# Auto bracket more than 3 exposures?



## theregoesjb (Sep 27, 2017)

I'm talking with a company about some photography work and they require 5 bracketed exposures. My canon rebel does 3, is there a way to adjust this? If not, which cameras can do this?


----------



## Dave442 (Sep 27, 2017)

You can just do the 5 using manual exposure.  I always hate when I turn on the bracketed exposure and then forget to turn it off.


----------



## benhasajeep (Sep 27, 2017)

The 70D and 80D would be the least expensive to do 5 frame in camera exposure bracketing.  They will do 2,3,5 and 7 frame brackets.


----------



## TCampbell (Sep 29, 2017)

Once upon a time there was no built-in bracketing features and it was always a manual process.  Now that most cameras have exposure bracketing, most limit it to 3 exposures but some allow more.  But that doesn't stop you from doing it via the original manual method where you take a shot, adjust the shutter speed, take another shot, etc. until you've got all the exposures you want.


----------



## waday (Sep 29, 2017)

If you _must_ use the auto-bracket feature, when you set it to do the auto-bracket, you can select your three exposures up to a maximum of -3, 0, and +3, correct? It automatically selects the same above and below 0, correct? So, if you select +3, it auto selects -3. At least this is what I have on my Canon Rebel XSi.

Why not do it at the maximum, and then, while still on the tripod, do it again somewhere in between? You'll end up with 6 shots; for example, -3, -1, 0, 0, +1, +3? Just delete the extra 0 shot, then you'll have 5 shots: -3, -1, 0, +1, +3?

(It might be different on the newer Canon Rebels?)


----------



## Braineack (Sep 29, 2017)

why do they require such an arbitrary number?


----------



## Cody'sCaptures (Sep 29, 2017)

Braineack said:


> why do they require such an arbitrary number?
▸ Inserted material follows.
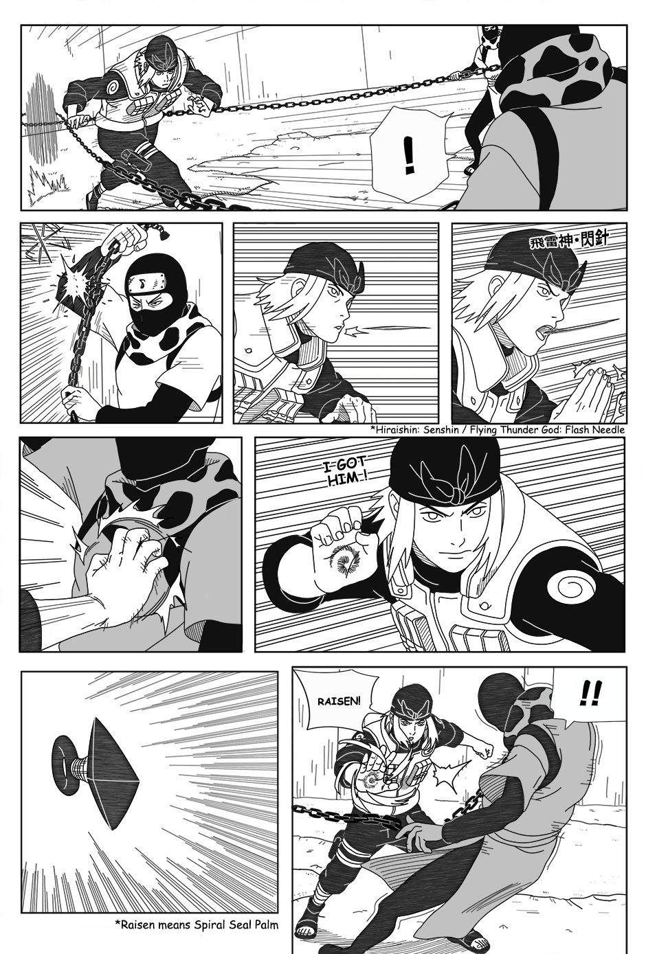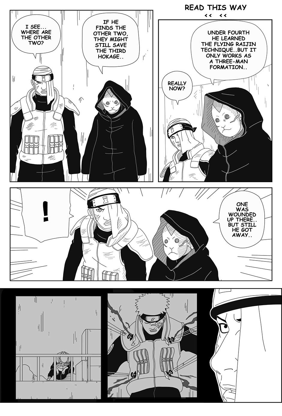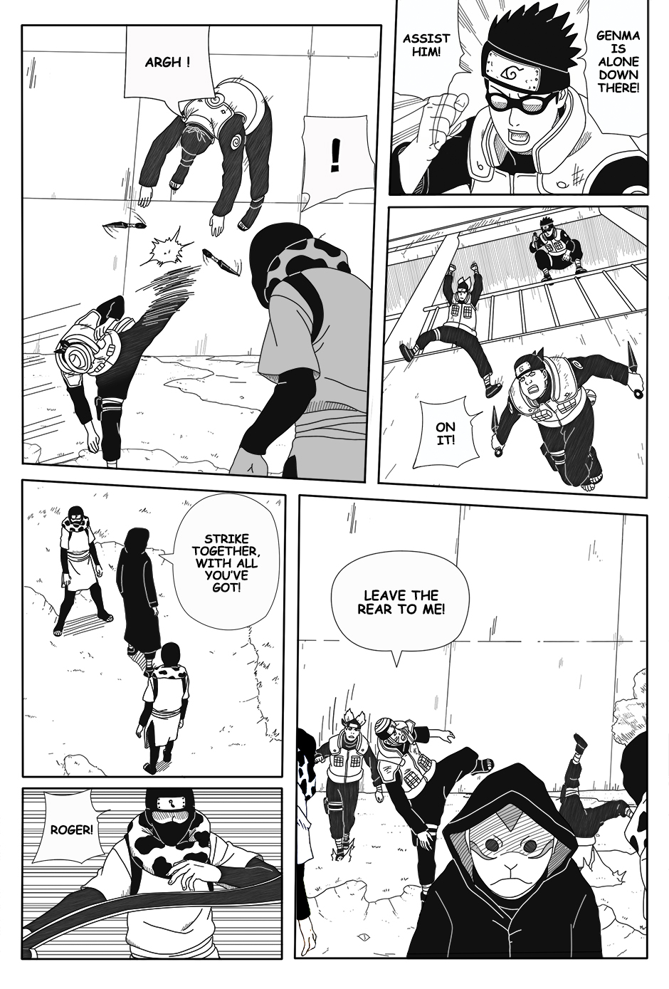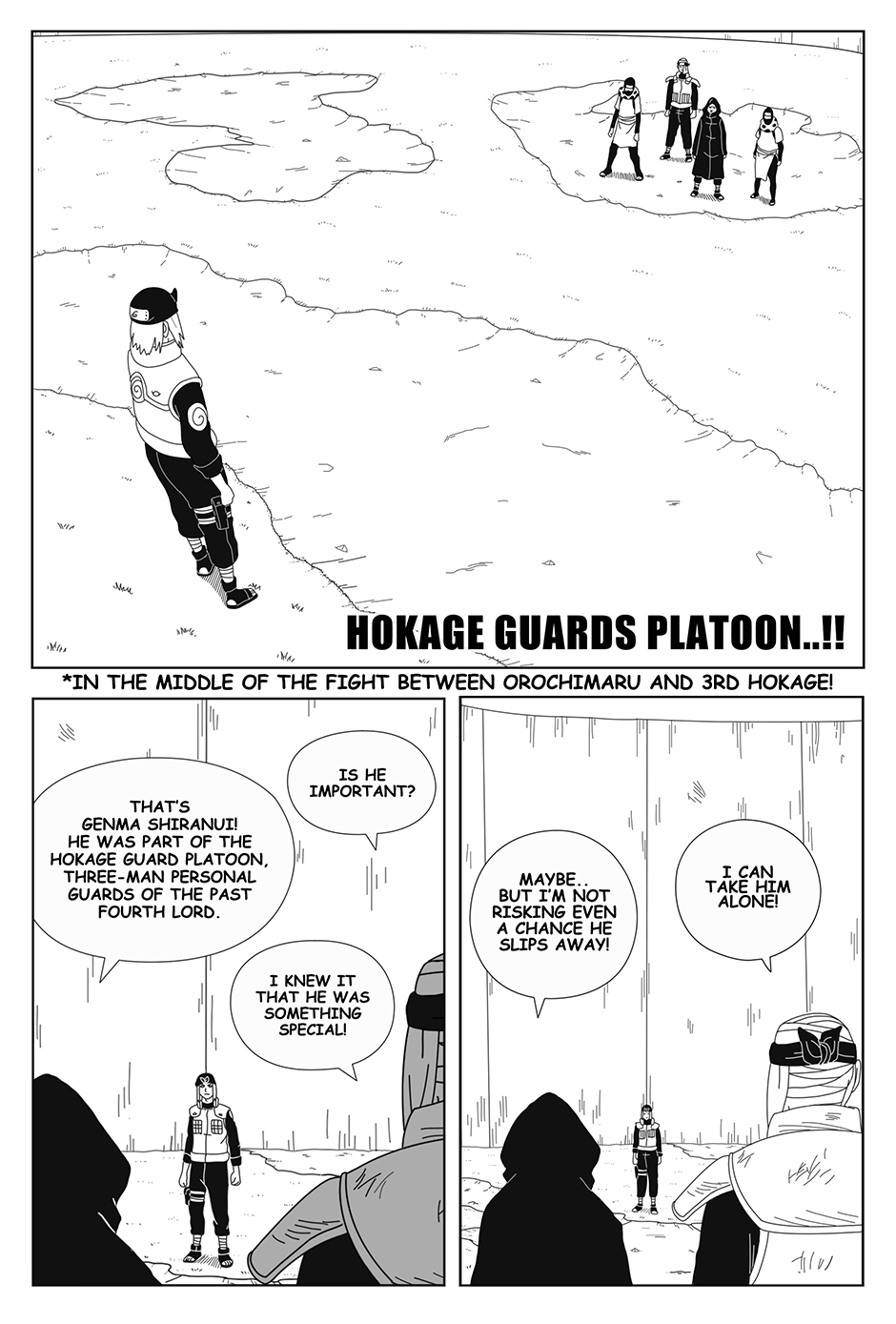 As Genma fights alone, his comrades Raido and Iwashi struggle elsewhere in the arena, injured and separated. With a forbidden technique about to be unleashed, the Hokage Guard Platoon faces its darkest hour.

Iv'e seen this with real estate image company's, I think its to keep the riff raff at a min


----------



## Braineack (Sep 29, 2017)

Cody'sCaptures said:


> .. I think its to keep the riff raff at a min



you mean realism? 

it's completely arbitrary.


----------



## Cody'sCaptures (Sep 29, 2017)

My camera does 100+ brackets... I'm a pro!!!
You need house pics? dont worry i got this
https://petapixel.com/assets/uploads/2011/09/pic1_mini.jpg


----------



## CaboWabo (Sep 29, 2017)

This should help here Magic Lantern | Home


----------



## beagle100 (Oct 2, 2017)

CaboWabo said:


> This should help here Magic Lantern | Home



magic lantern is good  (if it works for your camera model)


----------